Duly signed, taxied out. Airborne, towering takeoff and instrument climb. 1000 feet later, still in fog. 1500 feet, no change. 2,000 feet, no change. 2,500 feet, suddenly out into bright sunshine on top. So much for the weather reports. :rolleyes: Carried on south.....

Gradual realisation, the whole country was fogged out.... except three mountain peaks in the distance, far too steep to land on. :ooh: The only radar equipped airfield was the one we departed from; well below limits for an instrument approach as there was only a search radar.

At full fuel, the aircraft had 1 hour twenty five minutes endurance, not leaving much holding fuel at the destination.... there was no other airport and no diversion.

So we had a very uncomfortable flight with no viable option but to continue to destination, continually scanning beneath us for a gap in the fog, although it was mainly jungle beneath us. There was no gap. Our track took us fairly close to the coast and we saw that the fog also extended far out to sea. We had no navaids (there WERE actually no ground based navaids) and this was in the days before GPS (or Decca TANS) so we were flying DR only.

HF radio comms were established at the destination and the Army weather check was: "We've got thick FOG down here!" This was somewhat disappointing as the country ended a few miles further south of the destination and the adjoining country was "unfriendly"......the sole reason for our presence in that part of the world. A cross-border landing was out of the question. We were sure that they would have been delighted to receive an unexpected gift of an RAF Support helicopter, even with empty fuel tanks, but as we would rather not have spent the next few days suspended upside down over a vat of Pirhana fish, we decided to forget that option....and carried on.

We were a mile from the destination and becoming "rather concerned" :eek: when a small gap appeared in the fog. Down we went... Highly fortunately for us, at the bottom of the gap we saw an army camp - our destination. Boy were they impressed! Boy, so were we!

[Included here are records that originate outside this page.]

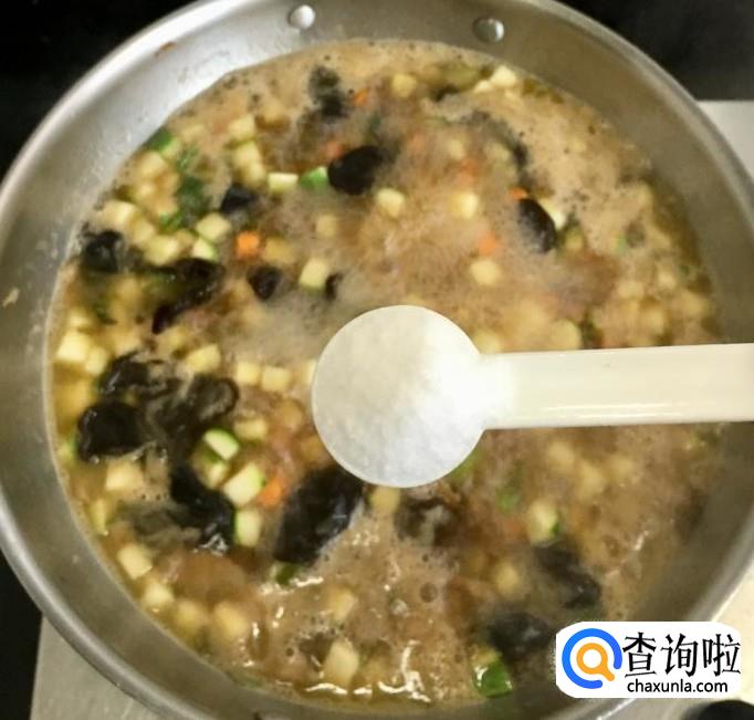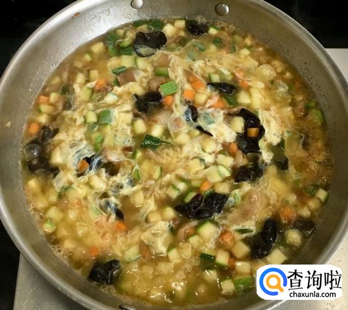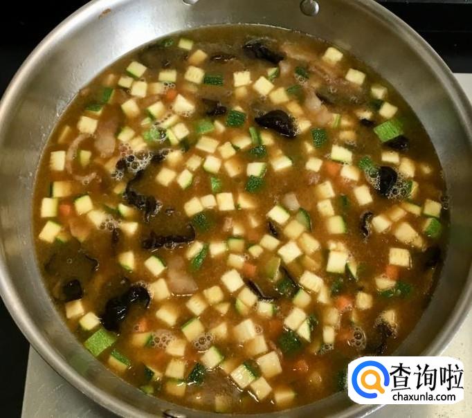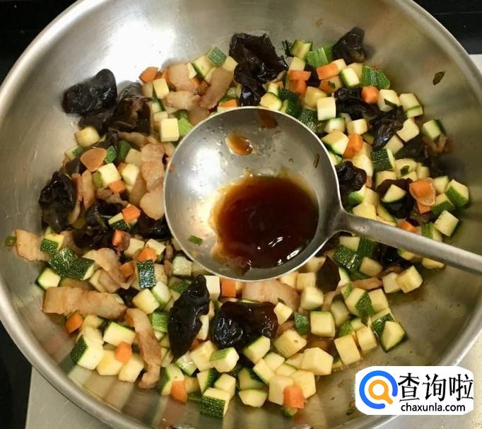 倒入角瓜丁、胡萝卜丁、木耳块翻炒均匀,加入适量的蚝油和清水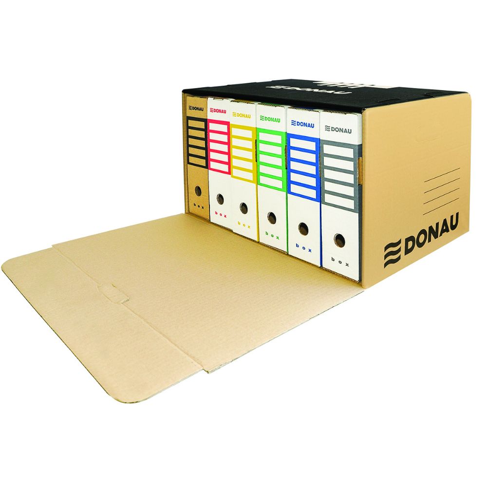 Container Arhivare cu Deschidere Frontala, 360x555x315 mm, Maro, Containere Arhivare DONAU, Capacitate 6 Bibliorafturi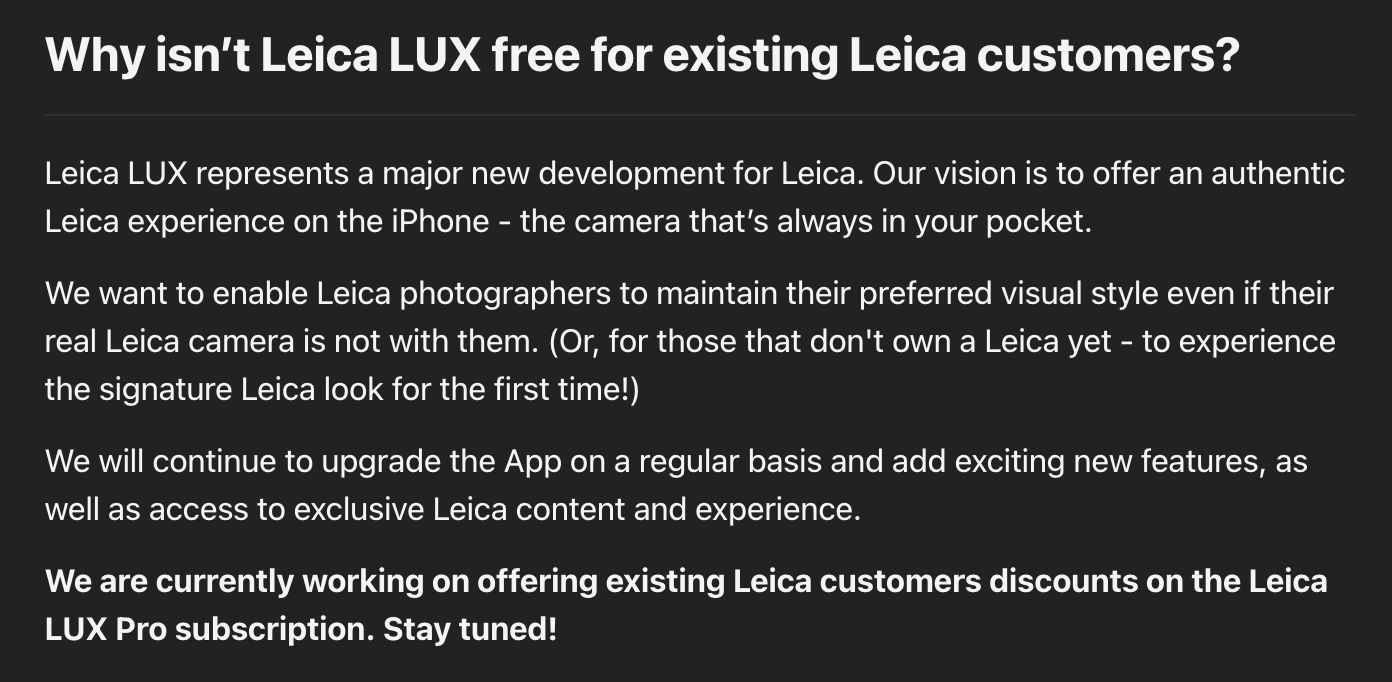 → Leica is currently working on offering existing Leica customers discounts on the Leica LUX Pro subscription.
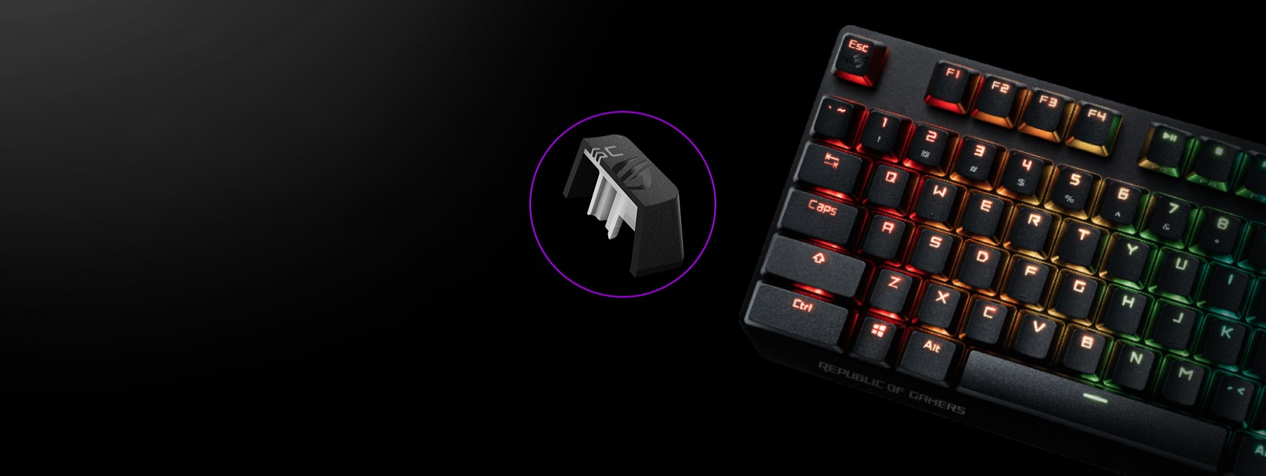 Un proces precis de turnare prin injectare dublă de plastic rezultă în taste translucide care au inscripții ROG unice și perfecte care le conferă un aspect unic, oferind tastaturii tale o iluminare de o consistență perfectă și un aspect care este inconfundabil ROG.

Yes, I got a bollocking. Thank goodness we didn't have a serious in-flight emergency such as a fire.

The authorising officer got a bigger bollocking. His "weather report" wasn't exactly wrong - it was just that it came from a manned army rebro staion on the top of the mountain we saw. It WAS clear up there! :hmm:

I learned a few things that morning... :O

The Otter's Pocket
20th Jan 2006, 19:13
Great Post Shy. Tell me was that Belieze?

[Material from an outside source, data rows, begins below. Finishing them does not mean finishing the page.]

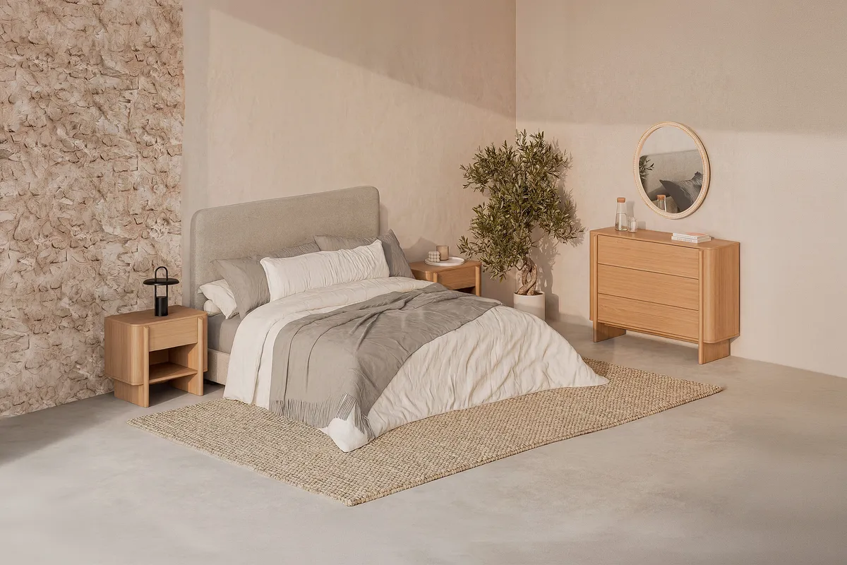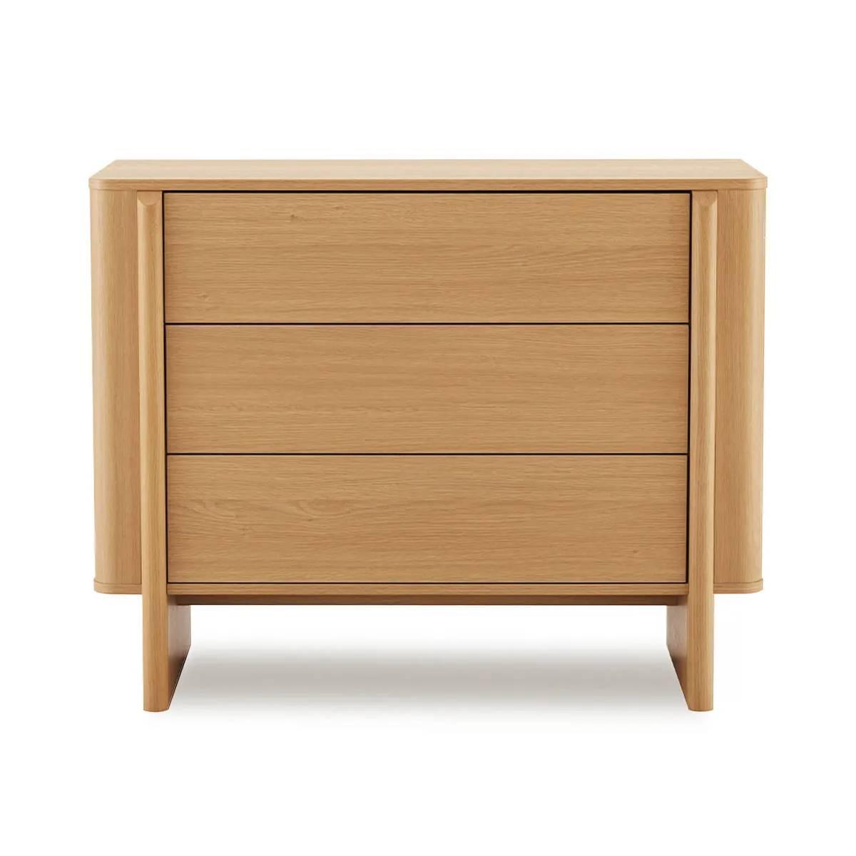 La cómoda SIDNEY cuenta con tres cajones amplios con sistema de apertura push, lo que significa que no tiene tiradores: basta con presionar para abrir. Está fabricada en melamina con acabado de veta natural que aporta un toque cálido al dormitorio. Sus medidas son 100 cm de ancho, 80 cm de alto y 42 cm de fondo, un tamaño compacto pero con buena capacidad de almacenaje.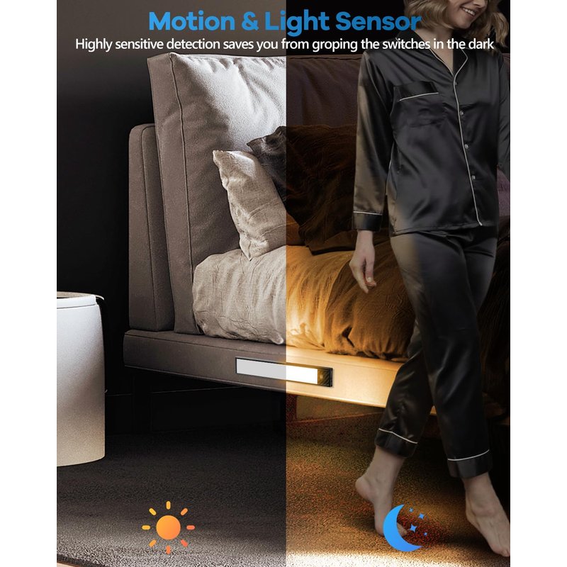 - 【Motion Light Sensor, Multi Working Modes to Choose】The motion sensor closet light has 3 working modes, always on, off, and sensor mode (auto mode). In auto mode, these wireless LED lights will automatically turn on when human motion is detected within 16.5 feet in a dark environment, and it will automatically turn off after 20 seconds if no motion is detected.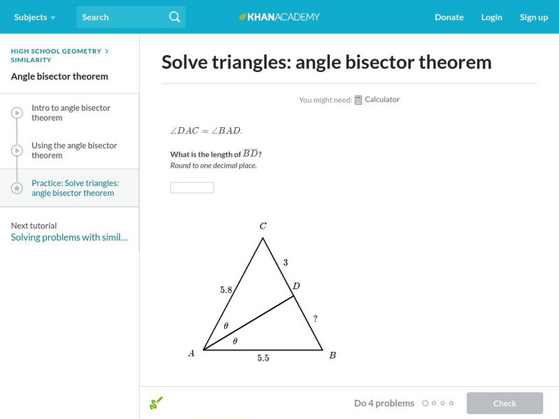 Use the Angle Bisector Theorem to find missing side lengths in triangles. Students receive immediate feedback and have the opportunity to try questions repeatedly, watch a video or receive hints.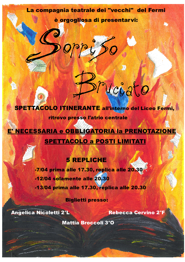 La compagnia del lab teatrale dei “vecchi” del Fermi presenta: SORRISO BRUCIATO (liberamente ispirato da Fahrenheit 451 di R. Bradbury) Spettacolo itinerante (a numero limitato di posti) all’interno del Liceo Fermi. PRENOTAZIONE OBBLIGATORIA. [Vedi Locandina]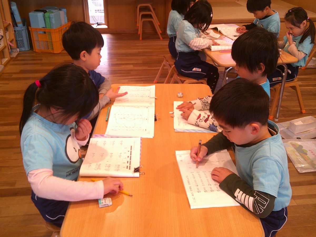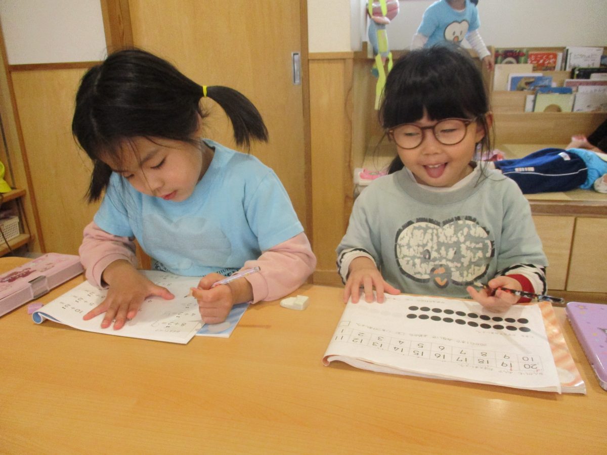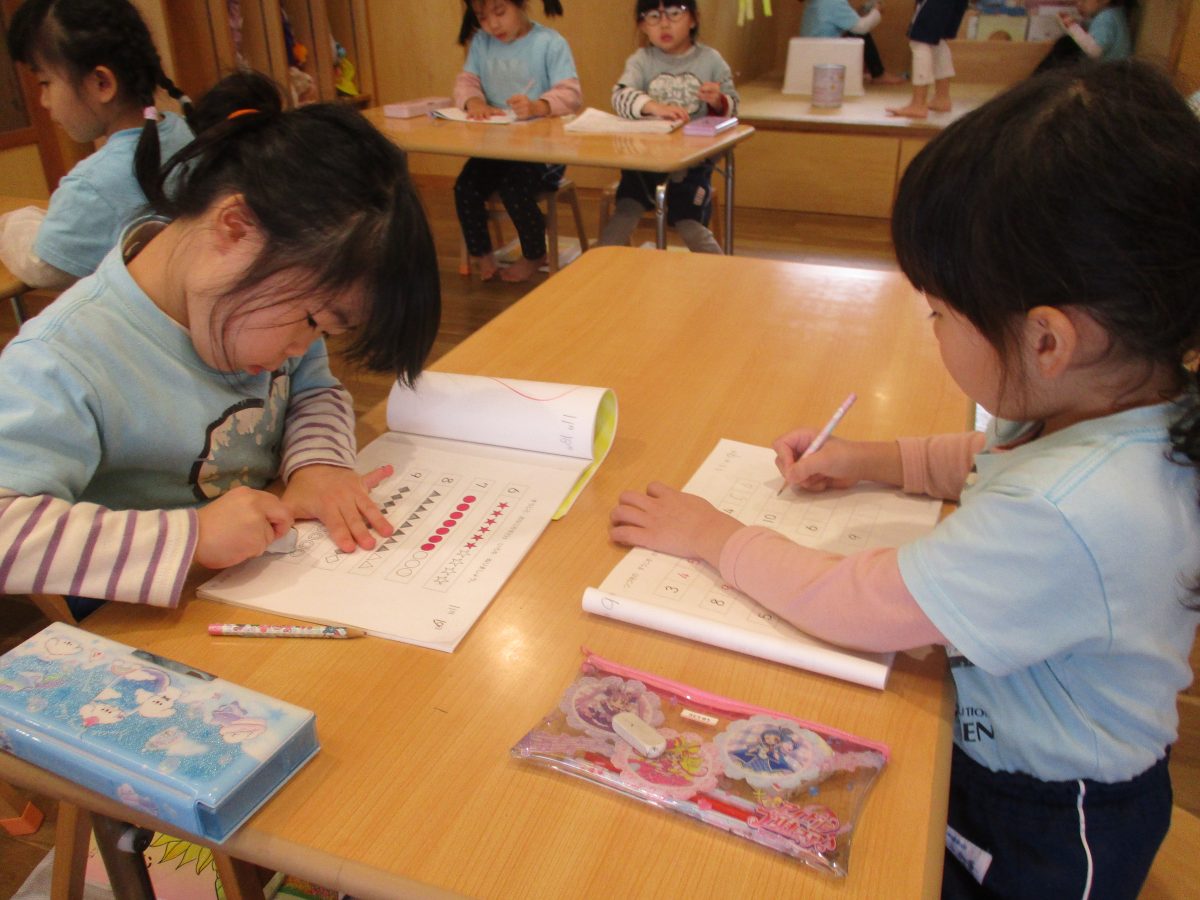 自由遊びの際は、玩具で遊ぶお友だちもいたりワークを行うお友だちもいました🤭

250hrs clear sky absolutely clear. Set off Corby to Exeter 7am summers day. C150 with 1 VOR an ADF and a lazy AH. Somewhere near Brize I realised I was over the top of 8/8 cloud at 5000ft. Came to a bank of cloud and thought with my IMC that this should be no problem.
Went to instruments in good time. Forgot about the AH. Thought I was flying straight and level, only to find was in a descent, increasing compass heading and sliding into a turn.
Could all of a sudden got very dark, large drafts and rain on the windscreen. Went to full power and tried to climb. Tried to do a 180 with the standby compass and the VSI. The aircraft started to run away with me.
Saw a light patch and went for it. Could just see the green of rolling hills. Dived for the ground like a Stuka, thought that I would be better scud running than in IMC with unreliable instruments and some carb icing.

Ended up flying down a valley at VNE with a farm disappearing above the wing. Took a condor moment, three deep breaths. Steadied all the instruments I thought that I could trust, (every other instr, became a trend style instr) and climbed back into IMC.
Brize were fantastic. Vectored into an airfield (forget the name) and greased it on, yet I couldn't stand when I got out from shaking.
Telephone Brize to thank them. Took off for home 4 hours later, sky was full of towering cumulus, was so shaken that I struggled to get get a decent ROC. When ever I hit turb. I went white.
Refused to fly the a/c again, 2 weeks later the engine on the a/c went tech with a hole in a cylinder and valve, and a sticking valve. Was told by a know it all at Sibson that it was carb ice. F***in T**T. Never flew for the company again and I believe that they were investigated by the CAA. Hateful situation to build hours for a job in a dangerous a/c.